Task instructions: Once you reach the line containing "Context: 11 days" in the data below, restate each line word for word up to and including the one containing "В финишной зоне".

Entries shown:
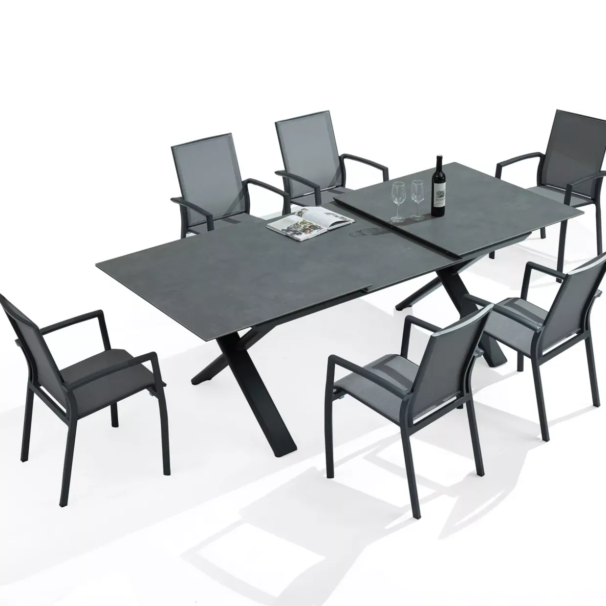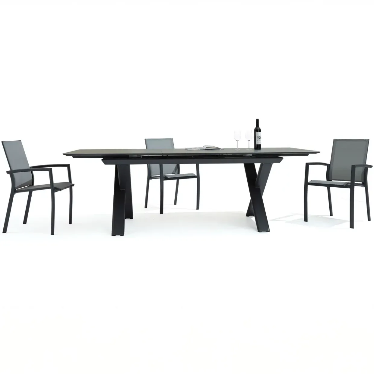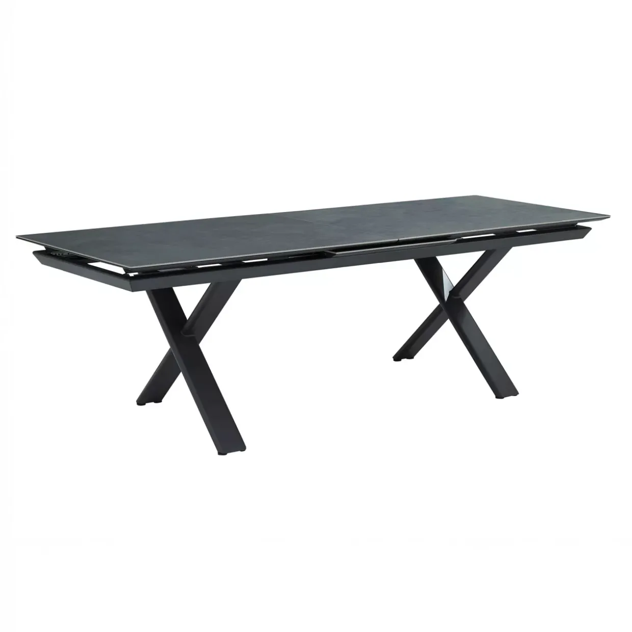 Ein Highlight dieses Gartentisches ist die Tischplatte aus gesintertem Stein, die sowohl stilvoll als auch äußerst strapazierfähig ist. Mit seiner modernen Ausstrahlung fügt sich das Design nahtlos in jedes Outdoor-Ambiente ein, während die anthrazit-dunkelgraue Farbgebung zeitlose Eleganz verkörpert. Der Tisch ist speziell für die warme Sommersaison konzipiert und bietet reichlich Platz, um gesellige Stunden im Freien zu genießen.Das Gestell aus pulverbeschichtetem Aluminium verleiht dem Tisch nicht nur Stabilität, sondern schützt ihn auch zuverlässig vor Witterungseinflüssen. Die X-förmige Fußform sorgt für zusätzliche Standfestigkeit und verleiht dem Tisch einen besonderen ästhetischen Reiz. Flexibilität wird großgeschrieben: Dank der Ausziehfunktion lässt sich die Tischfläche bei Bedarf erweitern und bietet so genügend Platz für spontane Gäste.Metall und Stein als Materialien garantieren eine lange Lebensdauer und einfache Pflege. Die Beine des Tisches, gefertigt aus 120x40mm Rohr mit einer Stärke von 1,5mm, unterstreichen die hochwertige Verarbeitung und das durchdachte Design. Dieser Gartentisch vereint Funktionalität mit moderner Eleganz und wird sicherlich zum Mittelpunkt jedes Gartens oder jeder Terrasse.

---

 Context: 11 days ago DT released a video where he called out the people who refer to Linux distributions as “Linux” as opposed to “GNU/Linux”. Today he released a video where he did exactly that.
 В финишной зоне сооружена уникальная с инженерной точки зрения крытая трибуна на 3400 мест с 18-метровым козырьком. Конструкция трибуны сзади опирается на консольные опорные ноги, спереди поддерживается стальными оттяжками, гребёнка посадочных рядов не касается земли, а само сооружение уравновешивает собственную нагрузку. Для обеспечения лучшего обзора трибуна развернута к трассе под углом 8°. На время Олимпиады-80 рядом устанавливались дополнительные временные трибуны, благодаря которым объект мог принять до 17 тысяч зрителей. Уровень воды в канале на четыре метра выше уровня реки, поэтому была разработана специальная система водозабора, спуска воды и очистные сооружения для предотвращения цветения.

Expected output:
 Context: 11 days ago DT released a video where he called out the people who refer to Linux distributions as “Linux” as opposed to “GNU/Linux”. Today he released a video where he did exactly that.
 В финишной зоне сооружена уникальная с инженерной точки зрения крытая трибуна на 3400 мест с 18-метровым козырьком. Конструкция трибуны сзади опирается на консольные опорные ноги, спереди поддерживается стальными оттяжками, гребёнка посадочных рядов не касается земли, а само сооружение уравновешивает собственную нагрузку. Для обеспечения лучшего обзора трибуна развернута к трассе под углом 8°. На время Олимпиады-80 рядом устанавливались дополнительные временные трибуны, благодаря которым объект мог принять до 17 тысяч зрителей. Уровень воды в канале на четыре метра выше уровня реки, поэтому была разработана специальная система водозабора, спуска воды и очистные сооружения для предотвращения цветения.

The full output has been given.